If you have seen physically based simulations before, also don't worry too much about the details. There isn't anything fancy going on here; no second order elements, no fancy time stepping, no dynamics, basically nothing that hasn't been around for 20 years^{1}. The trick is somewhat fancy though, to me anyways.
FiniteElements
We wanted to simulate the behavior of a soft material with a certain geometry when we inject pressurized air into it.

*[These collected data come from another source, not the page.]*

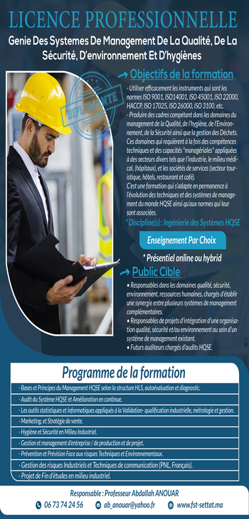 LICENCE : GÉNIE DES SYSTÈMES DE MANAGEMENT DE LA QUALITÉ, DE LA SÉCURITÉ ET D'ENVIRONNEMENT GSMQSE (Spécialité Ingénierie QHSE)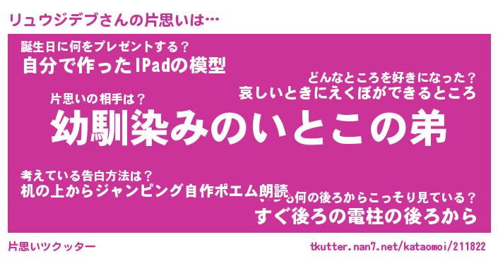 | ヘコむあだ名 | 『リュにゅー』『つくし』 |
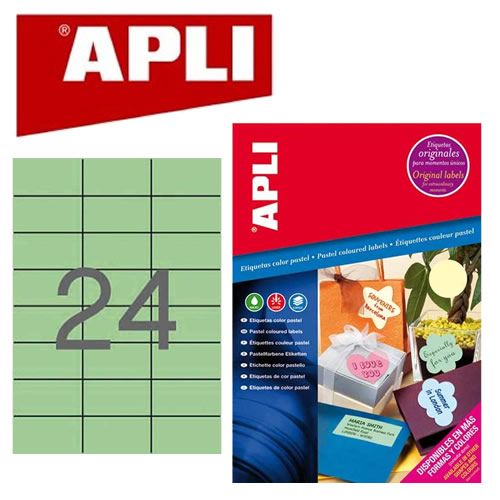 Ref. AP11844 - Etiquetas verde pastel permanentes 70,0 x 37,0 mm 20 hojas.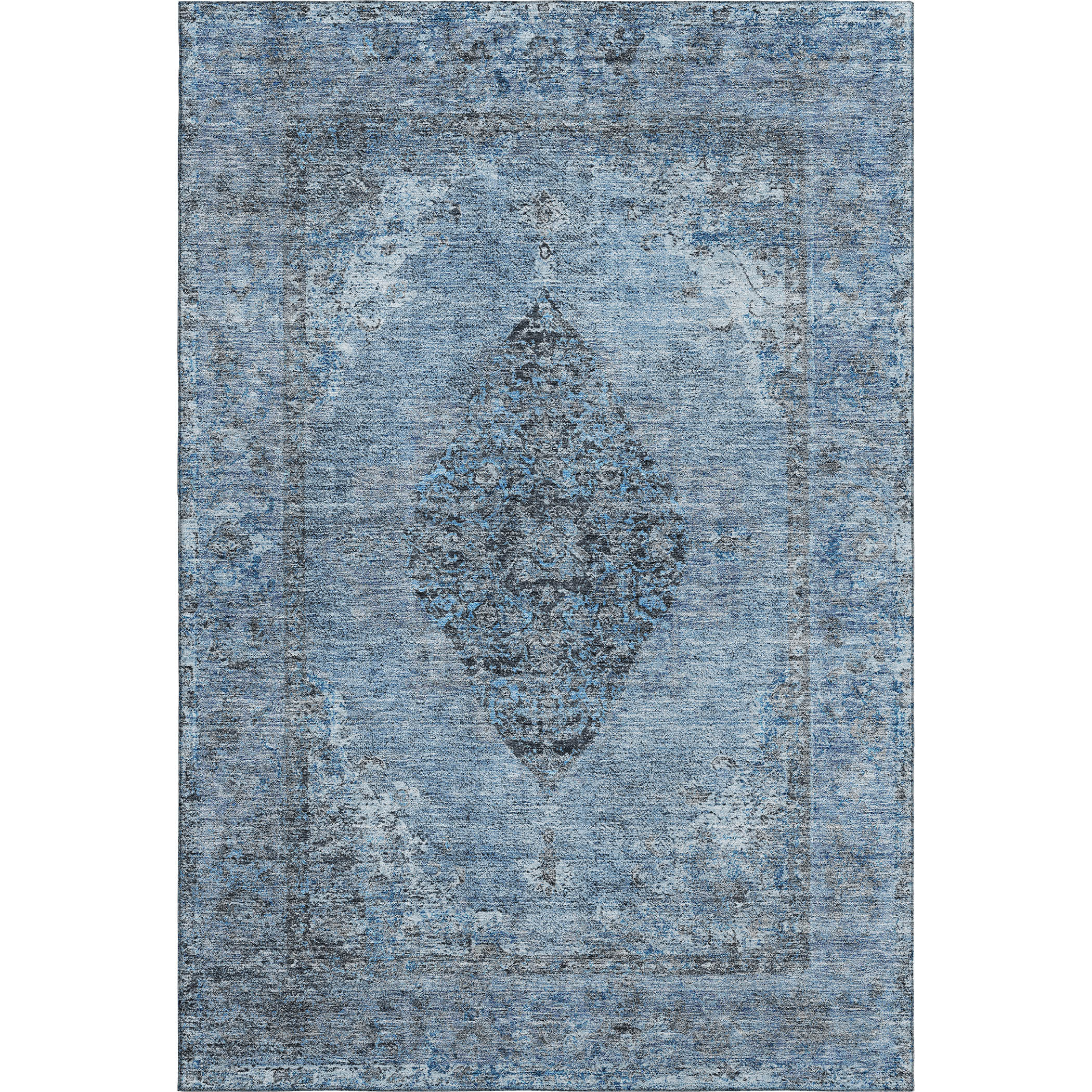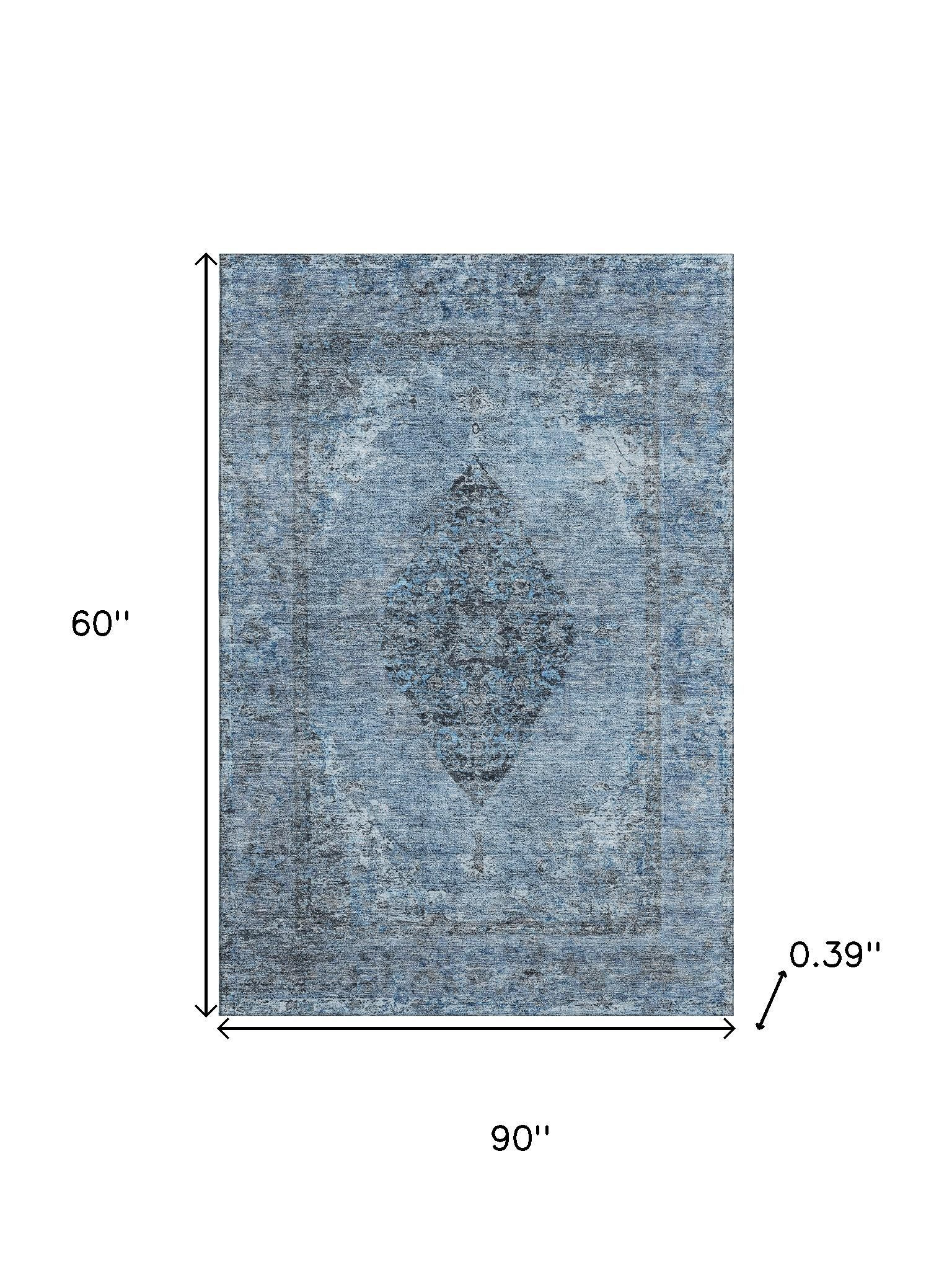 Add some artistry to your room with this 5-foot x 8-foot denim blue and gray medallion washable area rug with uv protection. Ideal for spaces with kids and pets, this rug is stain resistant to help repel dirt and spilled liquids. Built to last, this rug crafted from polyester fibers is known for its durability and long lasting appeal. Rugs are a great way to showcase your style, hide imperfections, warm your home and reduce noise. This larger sized, traditional styled rug is ready to create a focal point or statement piece in your room. 60.00-inch h x 90.00-inch w x 0.39-inch d.

A simple way of doing so is by representing the geometry of the material with a tetrahedral mesh, and defining an energy that is a function of the deformation of those tetrahedra, or "tets". The nodal positions of the mesh are our "degrees of freedom": they are what we can move around, and the energy of the system is a function of those positions. You can imagine an energy function for each tet similar to^{2}:
fn energy(nodes: [Node; 4]) > f64 { ... }
If you are given any nodal positions, you can compute an energy from it. For instance, if a tet was supposed to have 1 volume, but it is stretched out to have 2 volume, it would make sense that it has a lot of energy, which it can "use"^{3} to return to it's preferred ("rest") position, of having 1 volume again. The energy function^{4} defines exactly how much the tet would want to return to some other configuration when deformed. By summing the energies for all the tets in the system, we get the total energy of the whole system.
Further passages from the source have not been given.